In an era when the Berlin Wall has fallen, the Statue of Liberty has gone up in China's Tiananmen Square, and refugees from all corners of the globe flock to America's shores, the ideals of freedom and Western
civilization are strangely embattled on our college campuses.
The rigorous study of Western civilization and the great books that define it have been displaced by political correctness and cultural relativism. The contest of ideas that once invigorated higher education has given way to a suffocating and complacent intellectual conformity. Many faculty and students are afraid to speak freely about ideas that do not fit the political orthodoxies of today's university.

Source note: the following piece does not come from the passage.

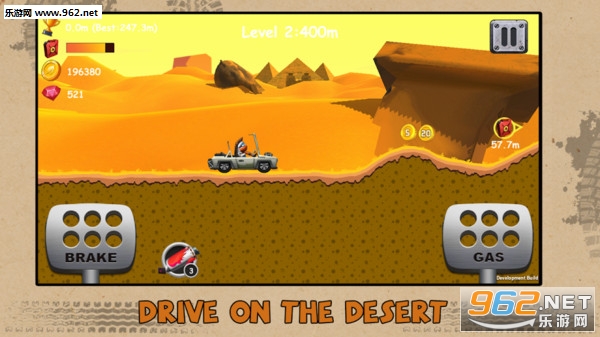 一款3D赛车的游戏,游戏在每个坡道都采用虚拟按键操作,在游戏中玩家需要控制赛车在崎岖不平的赛道上前进,冲刺得太过或者太猛烈的刹车都会导致翻车!同时,非常考验玩家操作技巧。只有玩家的技术到位了,会收获玩家意想不到的惊喜。

“The price paid for this sort of intellectual pacification is the sacrifice of the entire moral courage of the human mind.”
-John Stuart Mill,
On Liberty
In order to challenge the prevailing conformity, the Center for Freedom and Western Civilization has been established at Colgate University. It seeks to reinvigorate intellectual discourse on campus by championing a set of ideals which have their origins in Western civilization but which are universal in scope and appeal.
Of these, first and foremost, is the ideal of classical liberal arts education -- an education worthy of a free citizen and a free mind, an education that requires the rigorous and unflinching encounter with the best thoughts and books that have been written.
Second, we believe that history and philosophy show the importance of free speech, free government, and free markets, especially as they have been understood and established by the American founding fathers; these ideals and institutions need to be studied and taught with respect as well as with critical detachment.
Third, we seek not only to champion these ideals in campus debate but also to foster their growth at home and abroad. Accordingly, we honor students whose projects make substantial contributions to understanding freedom and Western civilization and to promoting them in their future careers. And we seek to cultivate the growth of free institutions in Afghanistan and Iraq and in other emerging democracies around the world.